Prep 20 mins
Cook 20 mins
A recipe from the Celiac website posted by request.
- 1 cup butter
- 1 cup water
- 2 cups gluten-free flour, mix
- 2 cups granulated sugar
- 2 eggs, beaten
- 1⁄2 cup gluten-free sour cream
- 1 teaspoon almond extract
- 1 teaspoon salt
- 1 teaspoon baking soda
- 1⁄4 teaspoon baking powder
- 2 teaspoons xanthan gum
- 1⁄2 cup butter
- 1⁄4 cup milk
- 4 1⁄2 cups powdered sugar
- 1⁄2 teaspoon almond extract
- Preheat oven to 375F and lightly grease a 15 x10" jelly roll pan.

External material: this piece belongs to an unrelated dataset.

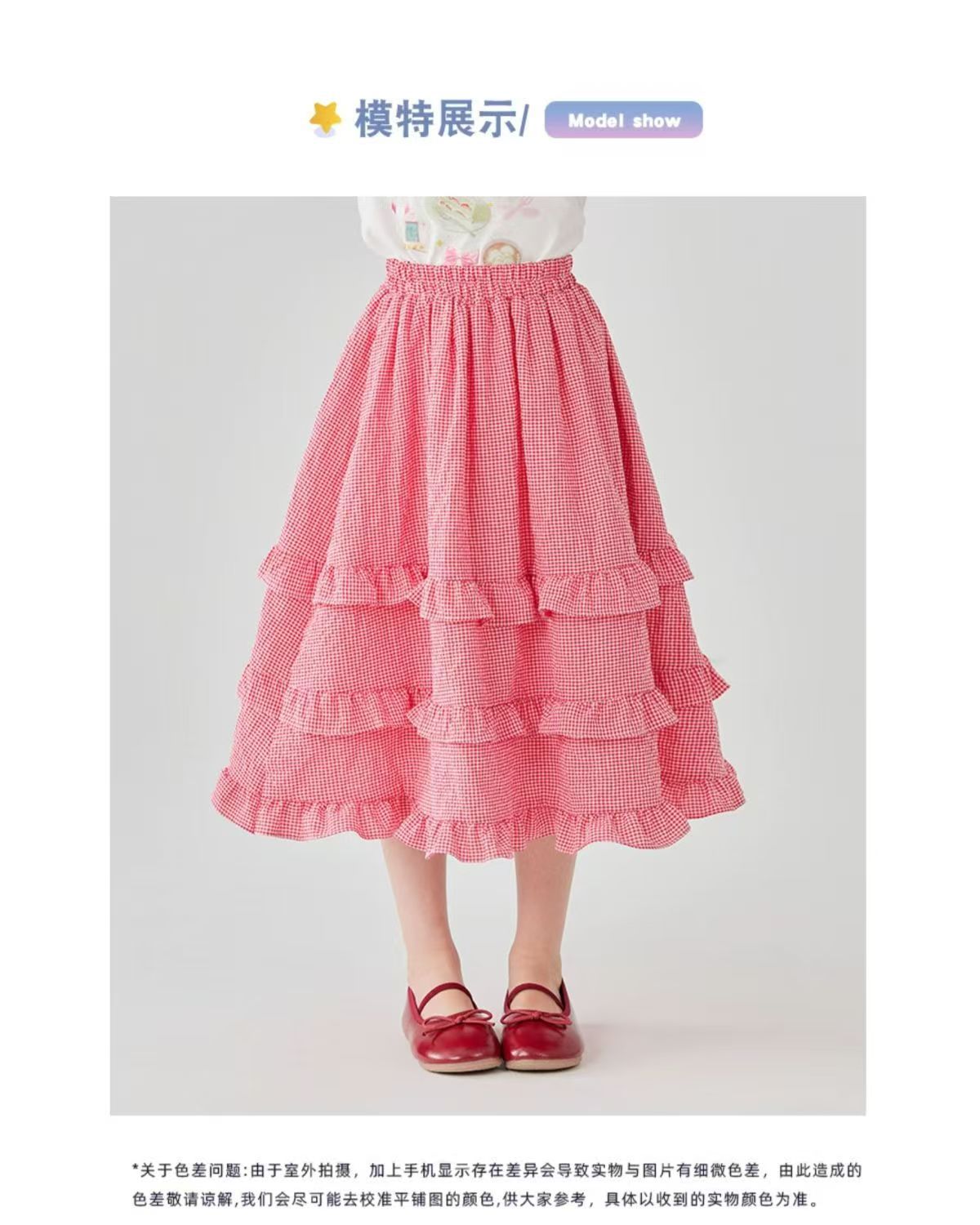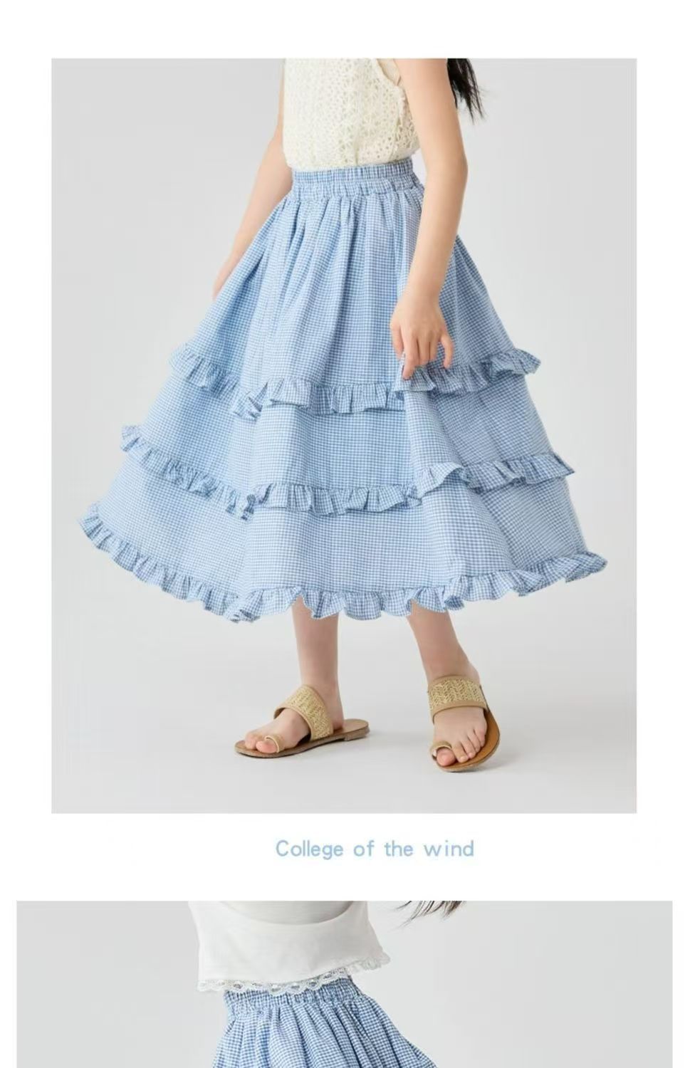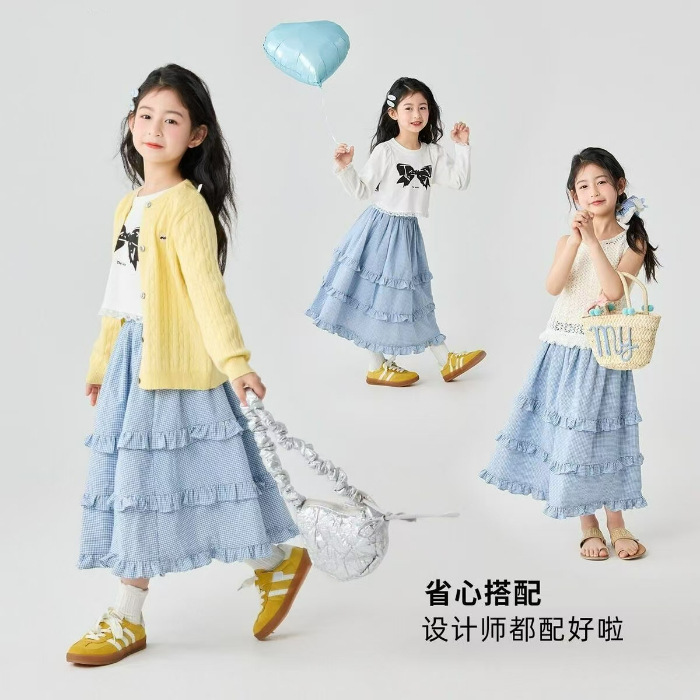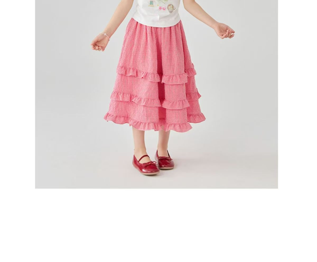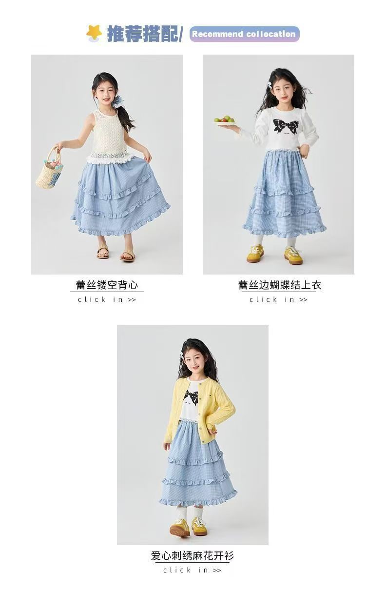 소녀 스커트 봄과 여름 새로운 어린이 러플 격자 무늬 스커트 한국 중간 길이 소녀의 서양식 케이크 스커트스토어 가기

- Bring butter and water up to a boil in a large saucepan, taking care not to scorch.
- Remove from heat; whisk in remaining cake ingredients until smooth.

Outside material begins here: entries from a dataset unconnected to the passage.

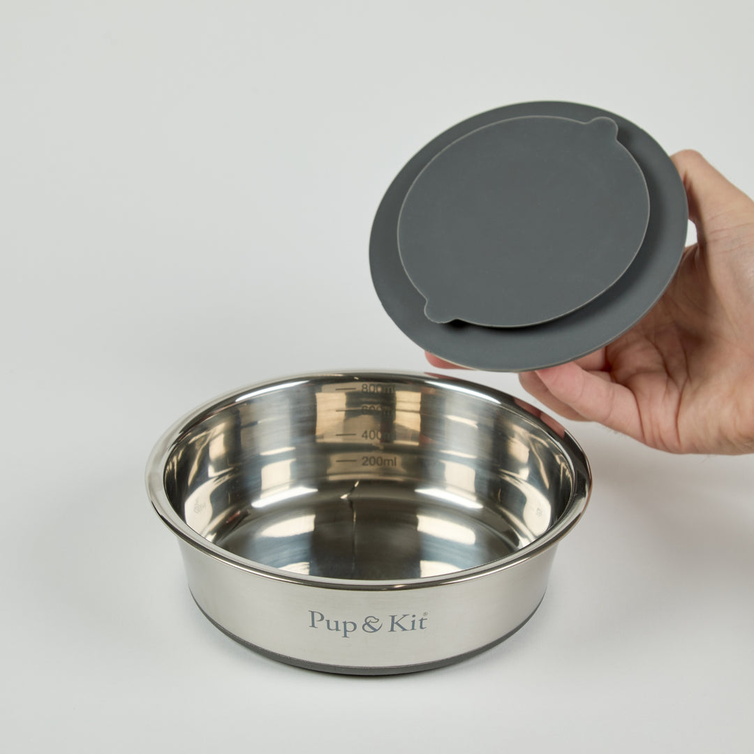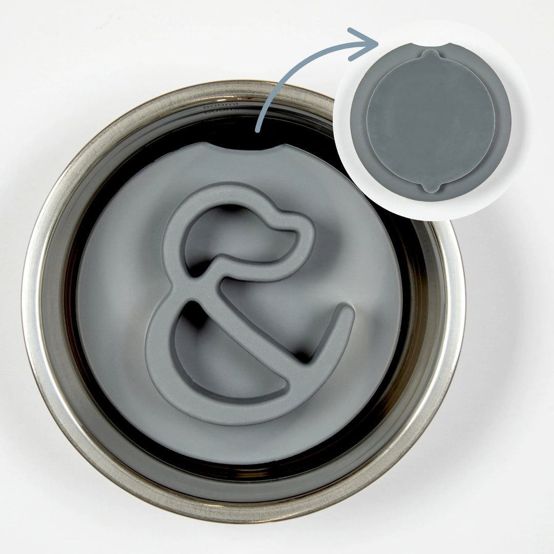 First wash out the bowl to remove any excess food. Then pull back on the head of the logo to raise the cut out slot. Lift the tab underneath to break the seal and release the suction cup. We recommend using a non-metallic utensil or teaspoon as an easy and hygienic way to do this.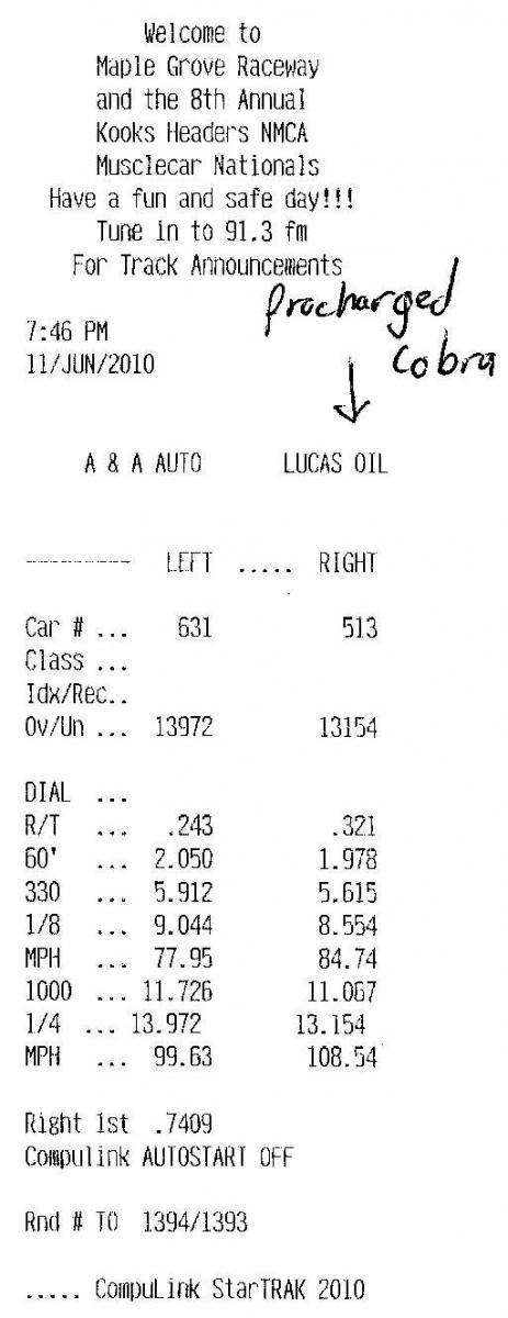 I finally got around to posting this on youtube. At the end of the video the announcer says what sounds like 13.06 and 14.70? I'm not sure what he was smoking, because when I came around to get my timeslip, the dude in the booth told me if I wanted to run again I'd need a helmet. I think you need a helmet for a convertible if you run 13.99 or quicker.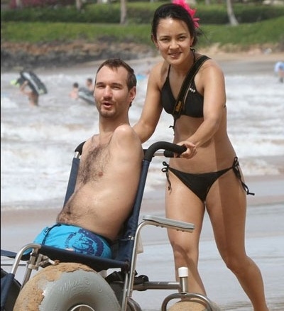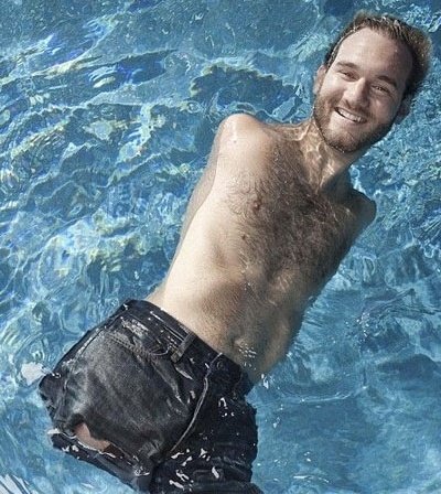 | Dù bị dị tật bẩm sinh nhưng Nick luôn sống vui vẻ, yêu đời và tự tin. |

- Pour into prepared baking pan.
- Bake for approximately 20 minutes or until cake is golden brown and tests done.
- Cool for 20 minutes.
- While cake is baking, bring milk and butter just to the boil in a medium saucepan, taking care not to scorch.
- Remove from heat.
- Add powdered sugar and almond extract; mix well and spread evenly over slightly cooled cake.